64. Slides are washed with blocking buffer without 0.1% Triton X-100 thrice for 5 MIN. 

65. Slides are incubated with secondary antibodies (Donkey-anti Alexa Fluor diluted 1:2000) diluted in TBS containing 1% BSA and 1% DMSO for 2 HRS at RT.

66. Slides are washed with 1X TBS thrice for 5 MIN, then sections are mounted with ProLong Gold Antifade Mountant with DAPI and glass coverslips.

67. Images are captured using a spinning disk confocal microscope (Yokogawa) with an electron multiplying charge coupled device (EMCCD) camera (Andor, UK) and a 100 × 1.4 NA oil immersion objective.

68. ImageJ is used for maximum intensity projections and background subtraction.

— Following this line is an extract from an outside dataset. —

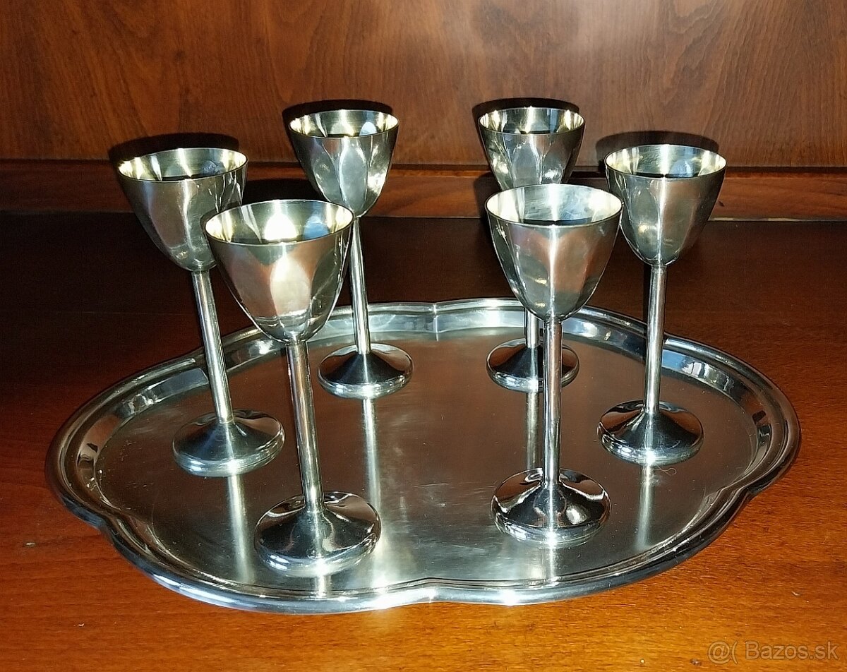 Predáme likérové poháre na stopke s táckou.

69. RNA hybridization is quantified manually for Gli1 and GDNF. Differences in GDNF dots between ciliated and unciliated cells were confirmed using Cell Profiler.

*Reference: 

Khan SS, Sobu Y, Dhekne HS, Tonelli F, Berndsen K, Alessi DR, Pfeffer SR. Pathogenic LRRK2 control of primary cilia and Hedgehog signaling in neurons and astrocytes of mouse brain. Elife. 2021 Oct 18;10:e67900. doi: 10.7554/eLife.67900.